(Stored data)
╭──
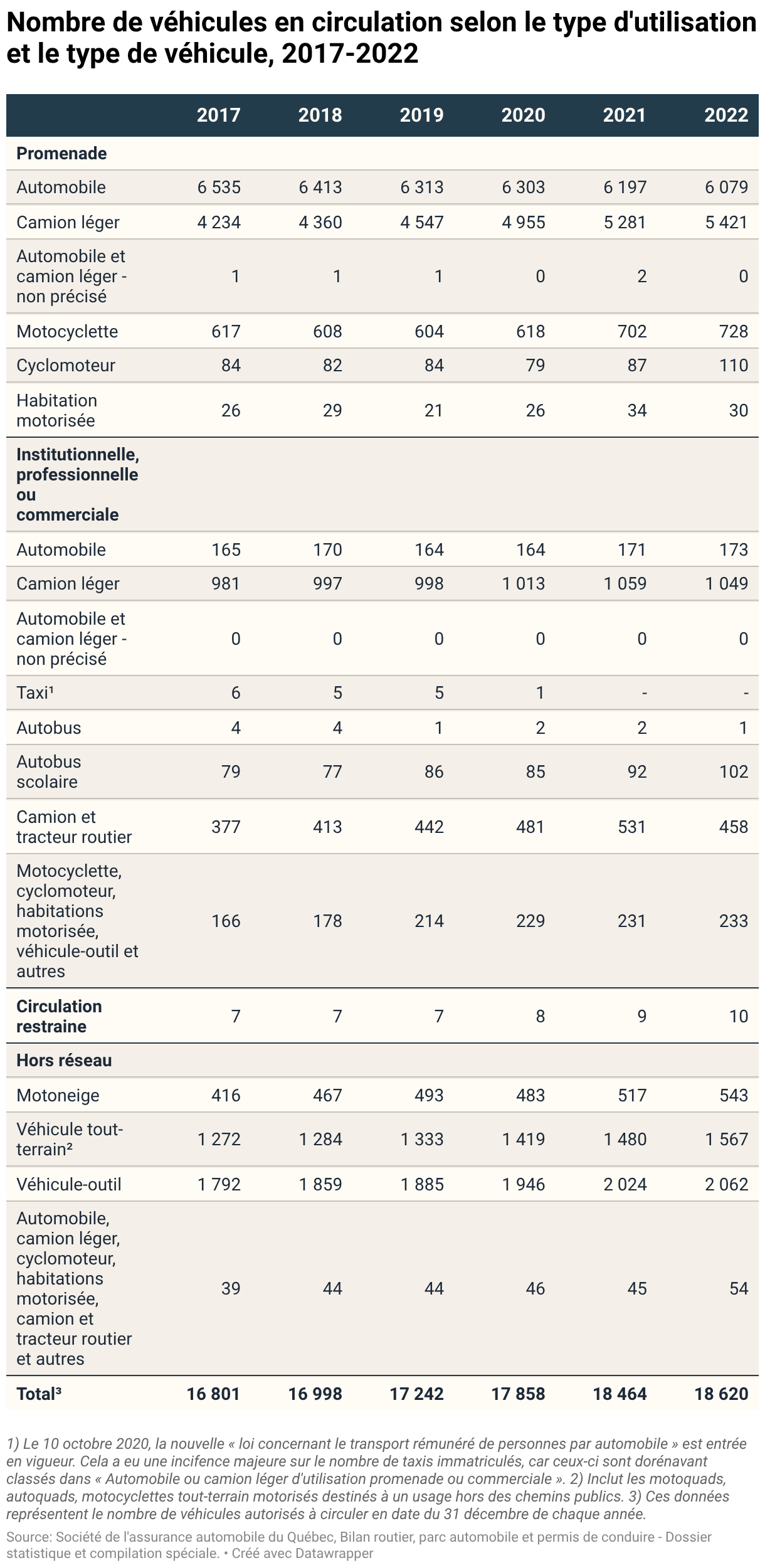Nombre de véhicules en circulation selon le type d'utilisation et le type de véhicule, 2017-2022
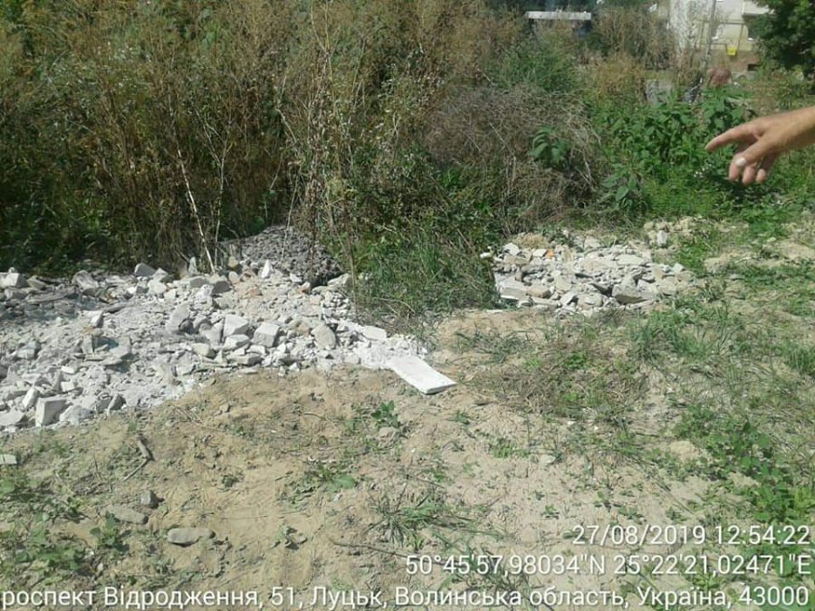У Луцьку будівельне сміття зі стоматполіклініки викинули просто на території загального користування.
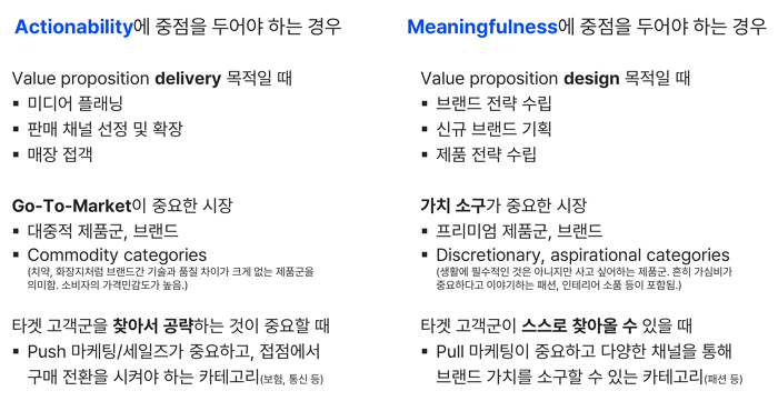 - 전략 수립 및 공유: 우선 순위화 과정에서 선정된 세분 시장에서 성공하기 위해 필요한 전략과 액션을 디자인하는 과정이다.
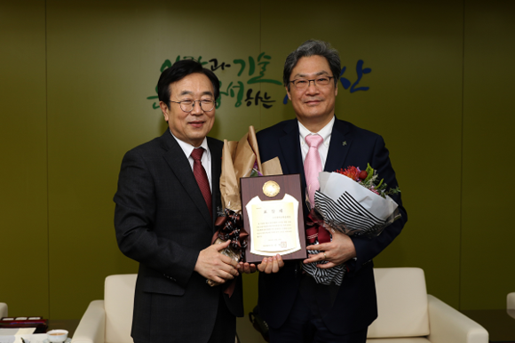 ▲오른쪽부터 임학 고신대복음병원장, 서병수 부산시장. (사진=고신대복음병원)
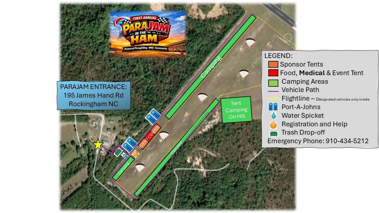 This combined map covers event entrance, sponsor and event areas, camping zones, vehicle flow, flightline boundaries, water, registration, trash, and emergency contact.
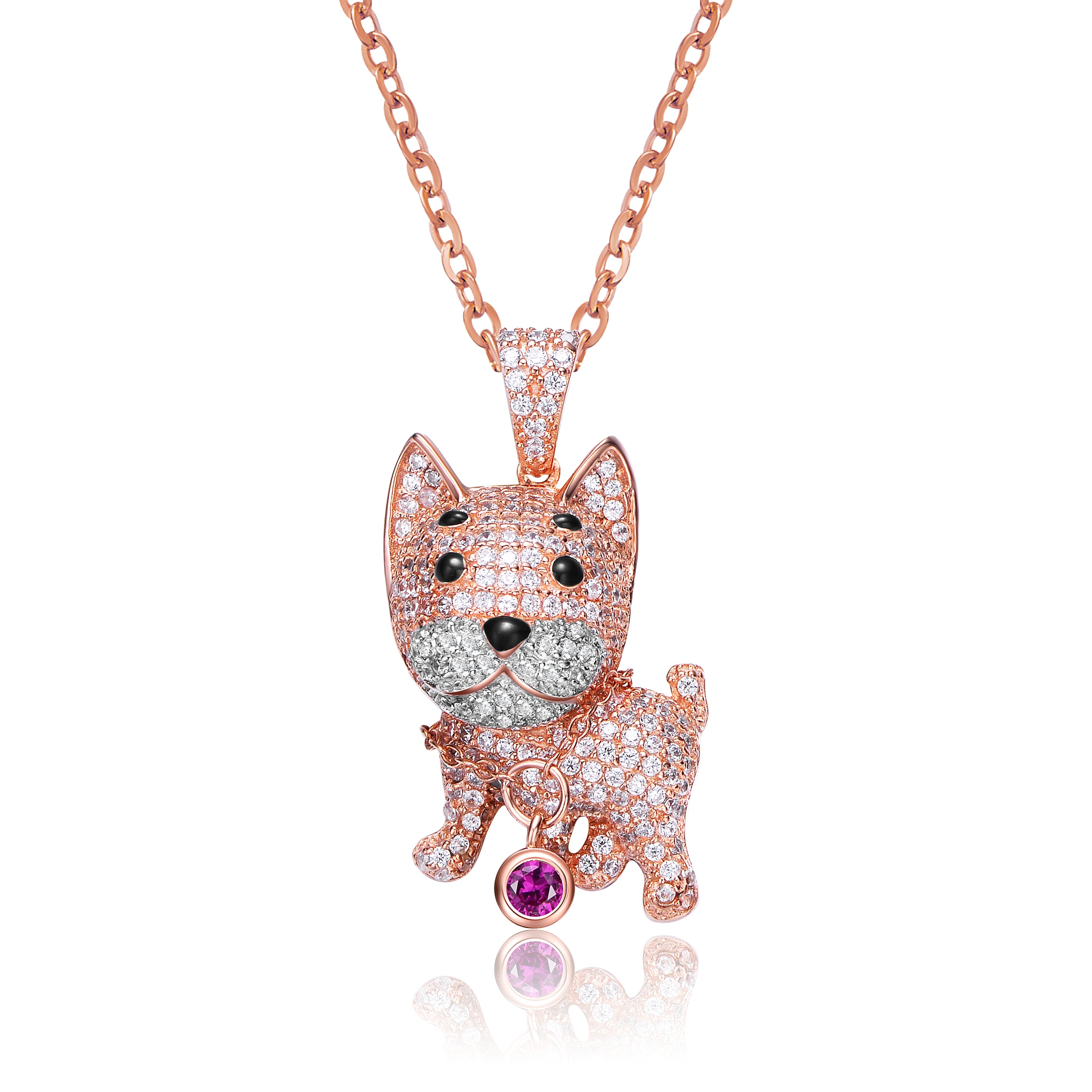 Sterling Silver Rhodium and 18K Gold Plated Enamel and Cubic Zirconia Cat Pendant
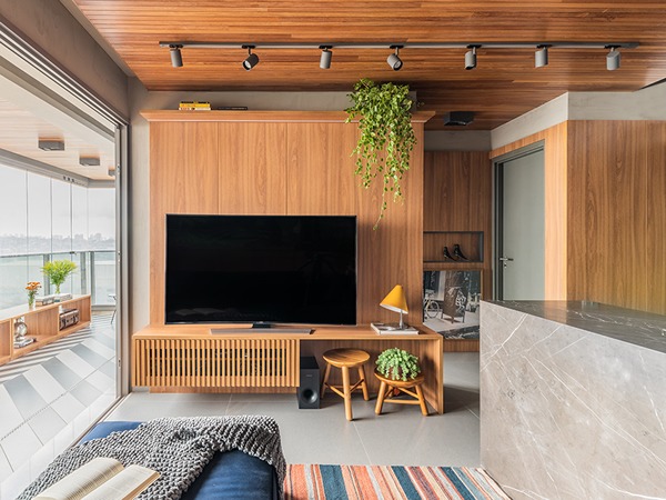 Nesta sala de estar, o arquiteto Pietro Terlizzi adotou o cumaru no forro, mas na marcenaria e nos painéis há o freijó. Sim, é possível misturar diferentes tipos de espécies e conquistar um resultado lindo. Veja que a madeira compõe um contraste importante com o piso de porcelanato com visual de concreto e a bancada de mármore Gris Armani | Foto: Guilherme Pucci
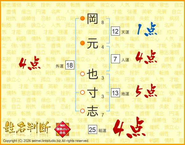 岡(8画)元(4画) 也(3画)寸(3画)志(7画)
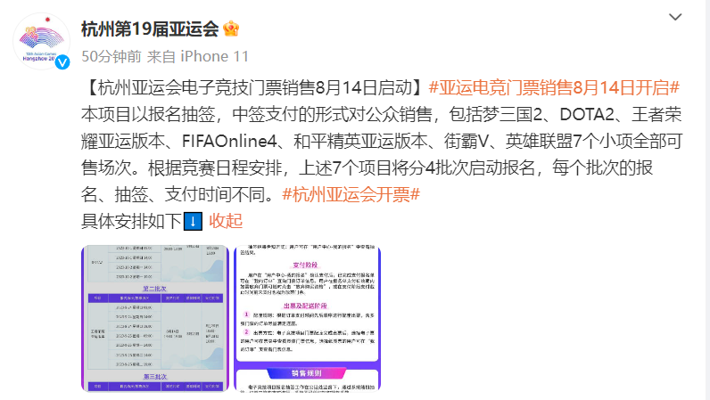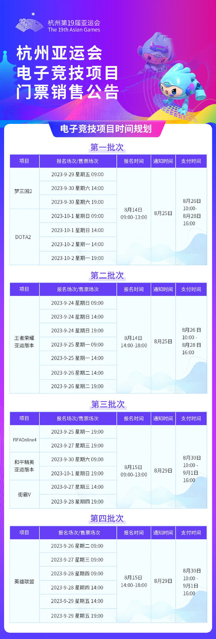 亚运电竞门票销售8月14日开启,本项目以报名抽签,中签支付的形式对公众销售,包括梦三国2、DOTA2、王者荣耀亚运版本、FIFAOnline4、和平精英亚运版本、街霸V、英雄联盟7个小项全部可售场次。根据竞赛日程安排,上述7个项目将分4批次启动报名,每个批次的报名、抽签、支付时间不同。
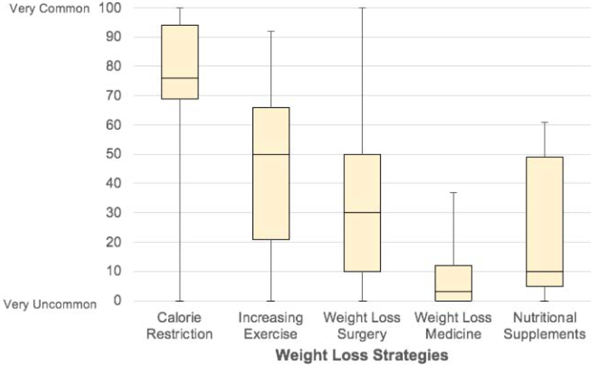 Design and methods: An online 21-item survey was distributed to 118 renal dietitians via individual outreach and a professional organization e-mail listserv. Four themes were explored: the burden of obesity among dialysis patients, concepts of healthy weight loss, weight loss approaches, and challenges of obesity management in dialysis settings. Respondents were asked to rank approaches and biomarkers for obesity management from 0 (least important or not used) to 100 (most important). Free text fields were provided in each category for additional comments.
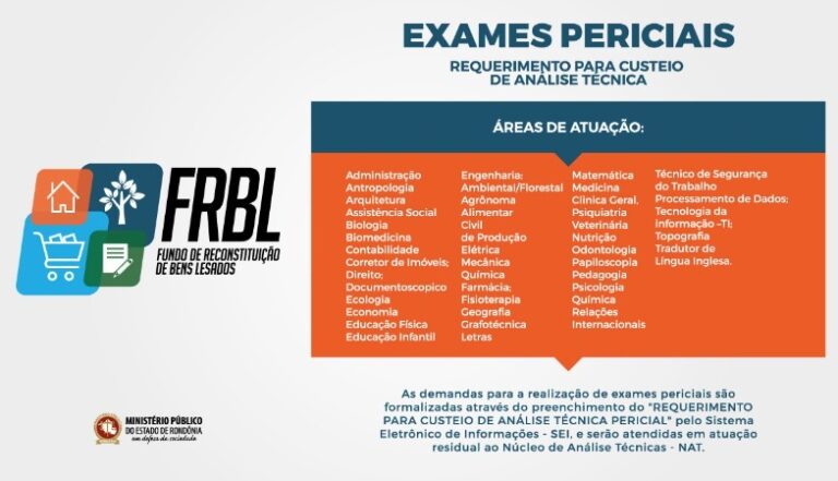 Mais de 40 áreas de atuação profissional se encaixam para prestar serviços custeados por recursos do Fundo de Reconstituição dos Bens Lesados (FRBL), através do sistema de Cadastro de Peritos do Ministério Público de Rondônia (MPRO).
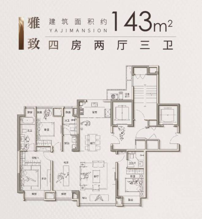 建面约 143-180㎡四室三卫双套房
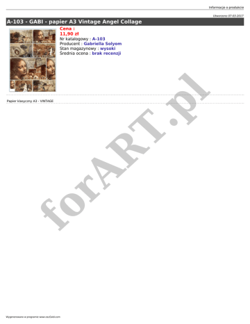 Informacje o produkcie Utworzono 07-03-2017 A-103 - GABI - papier A3 Vintage Angel Collage Cena : 11,90 zł fo rA R Papier klasyczny A3 - VINTAGE T. pl Nr katalogowy : A-103 Producent : Gabriella Solyom Stan magazynowy : wysoki Średnia ocena : brak recenzji Wygenerowano w programie www.oscGold.com
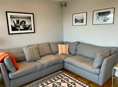 1. Selling a British handmade L shaped sofa in a grey wool fabric. All cushions are made from duck down, and the sofa has a wooden frame. The sofa is from F&P interiors, and is the Ashurst model. They can facilitate recovering if required. The sofa is in good condition with a few minor tears on cushions and from a non-smoking home. The cushions have removable covers. RRP is £9,750, selling for £1,750. Long side is 257cm long, and the short side is 215cm long. It is 84cm deep and 73cm high.
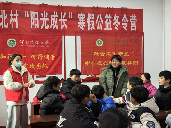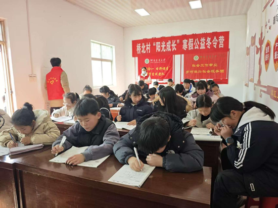 驻河南省洛阳市嵩县陆浑镇桥北村实习实训基地的25级社会工作专业研究生团队,组织开展了2026年“阳光成长”公益冬令营活动。本次活动由团队成员李朋娟、申宇、姜欢芯共同组织,秉持“学中有乐、乐中成长”的服务理念,通过丰富的课程与互动,为当地儿童打造兼具趣味性、教育性与支持性的寒假成长空间。
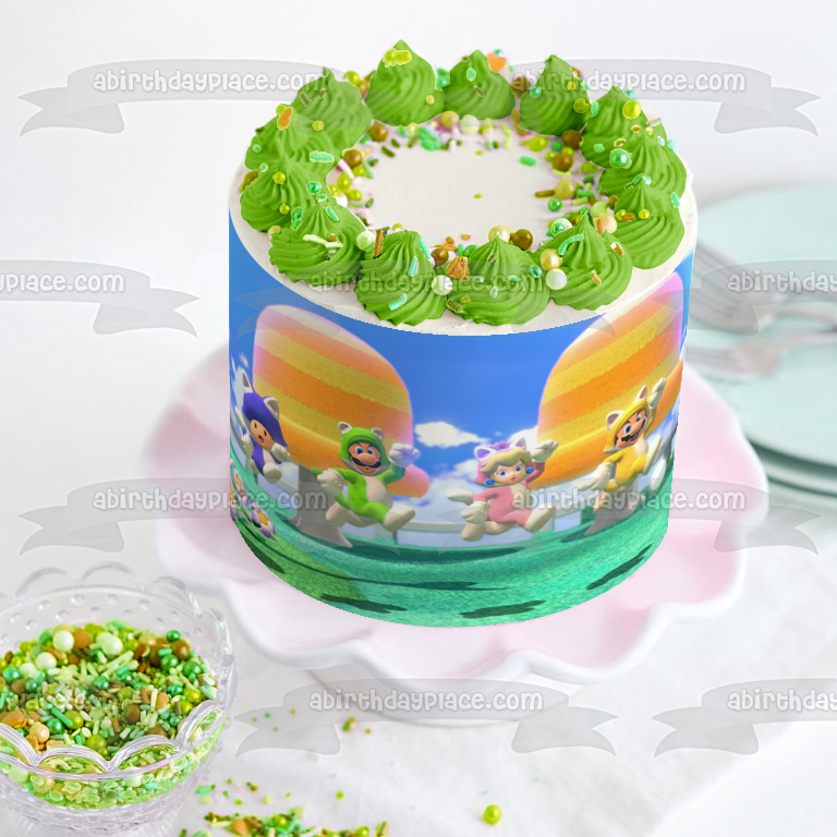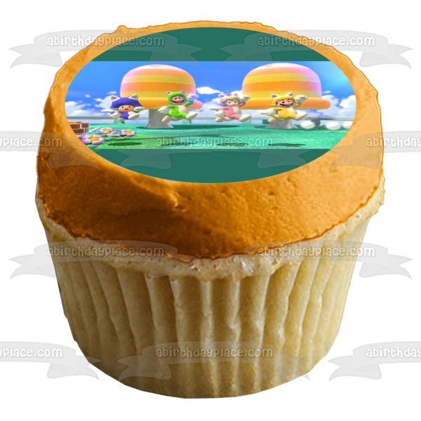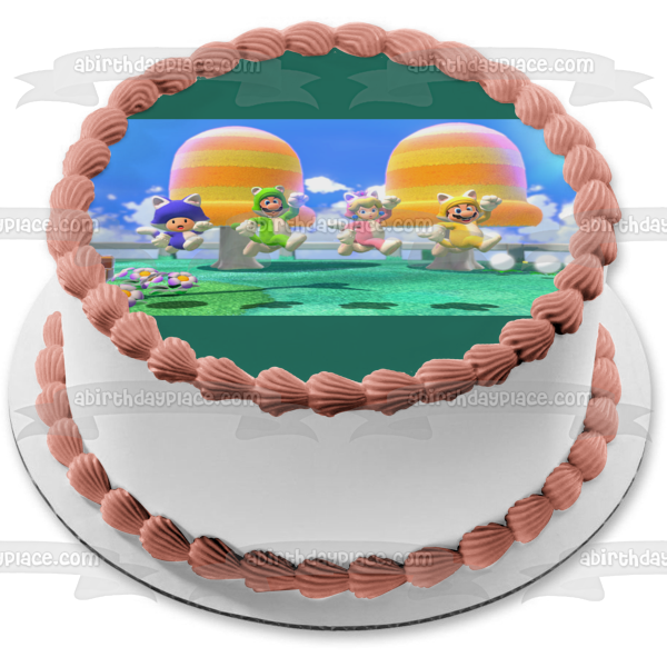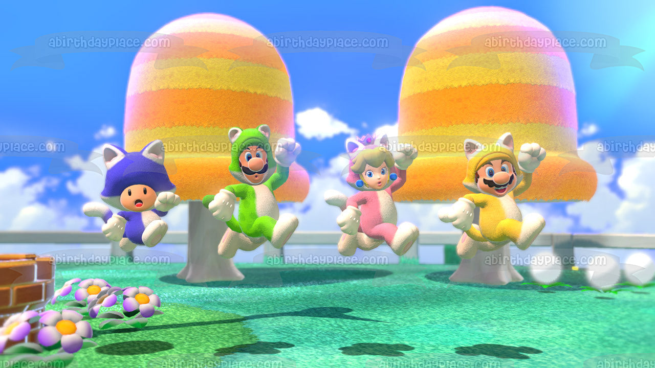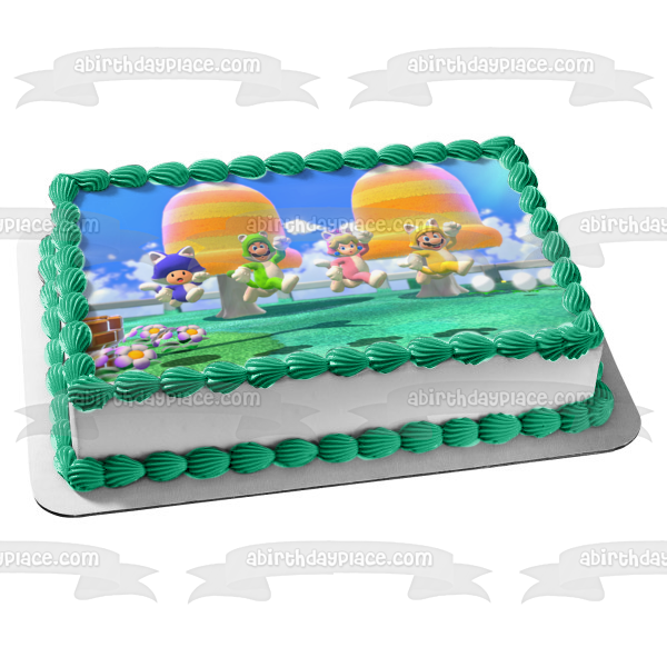 Decorate your Cake with this Super Mario 3D World themed Edible Cake Topper Image featuring Toad, Luigi and Princess Peach!
╰──
Could you reproduce every record above exactly, leaving out the pictures?

Nombre de véhicules en circulation selon le type d'utilisation et le type de véhicule, 2017-2022
У Луцьку будівельне сміття зі стоматполіклініки викинули просто на території загального користування.
 - 전략 수립 및 공유: 우선 순위화 과정에서 선정된 세분 시장에서 성공하기 위해 필요한 전략과 액션을 디자인하는 과정이다.
 ▲오른쪽부터 임학 고신대복음병원장, 서병수 부산시장. (사진=고신대복음병원)
 This combined map covers event entrance, sponsor and event areas, camping zones, vehicle flow, flightline boundaries, water, registration, trash, and emergency contact.
 Sterling Silver Rhodium and 18K Gold Plated Enamel and Cubic Zirconia Cat Pendant
 Nesta sala de estar, o arquiteto Pietro Terlizzi adotou o cumaru no forro, mas na marcenaria e nos painéis há o freijó. Sim, é possível misturar diferentes tipos de espécies e conquistar um resultado lindo. Veja que a madeira compõe um contraste importante com o piso de porcelanato com visual de concreto e a bancada de mármore Gris Armani | Foto: Guilherme Pucci
 岡(8画)元(4画) 也(3画)寸(3画)志(7画)
 亚运电竞门票销售8月14日开启,本项目以报名抽签,中签支付的形式对公众销售,包括梦三国2、DOTA2、王者荣耀亚运版本、FIFAOnline4、和平精英亚运版本、街霸V、英雄联盟7个小项全部可售场次。根据竞赛日程安排,上述7个项目将分4批次启动报名,每个批次的报名、抽签、支付时间不同。
 Design and methods: An online 21-item survey was distributed to 118 renal dietitians via individual outreach and a professional organization e-mail listserv. Four themes were explored: the burden of obesity among dialysis patients, concepts of healthy weight loss, weight loss approaches, and challenges of obesity management in dialysis settings. Respondents were asked to rank approaches and biomarkers for obesity management from 0 (least important or not used) to 100 (most important). Free text fields were provided in each category for additional comments.
 Mais de 40 áreas de atuação profissional se encaixam para prestar serviços custeados por recursos do Fundo de Reconstituição dos Bens Lesados (FRBL), através do sistema de Cadastro de Peritos do Ministério Público de Rondônia (MPRO).
 建面约 143-180㎡四室三卫双套房
 Informacje o produkcie Utworzono 07-03-2017 A-103 - GABI - papier A3 Vintage Angel Collage Cena : 11,90 zł fo rA R Papier klasyczny A3 - VINTAGE T. pl Nr katalogowy : A-103 Producent : Gabriella Solyom Stan magazynowy : wysoki Średnia ocena : brak recenzji Wygenerowano w programie www.oscGold.com
 1. Selling a British handmade L shaped sofa in a grey wool fabric. All cushions are made from duck down, and the sofa has a wooden frame. The sofa is from F&P interiors, and is the Ashurst model. They can facilitate recovering if required. The sofa is in good condition with a few minor tears on cushions and from a non-smoking home. The cushions have removable covers. RRP is £9,750, selling for £1,750. Long side is 257cm long, and the short side is 215cm long. It is 84cm deep and 73cm high.
 驻河南省洛阳市嵩县陆浑镇桥北村实习实训基地的25级社会工作专业研究生团队,组织开展了2026年“阳光成长”公益冬令营活动。本次活动由团队成员李朋娟、申宇、姜欢芯共同组织,秉持“学中有乐、乐中成长”的服务理念,通过丰富的课程与互动,为当地儿童打造兼具趣味性、教育性与支持性的寒假成长空间。
 Decorate your Cake with this Super Mario 3D World themed Edible Cake Topper Image featuring Toad, Luigi and Princess Peach!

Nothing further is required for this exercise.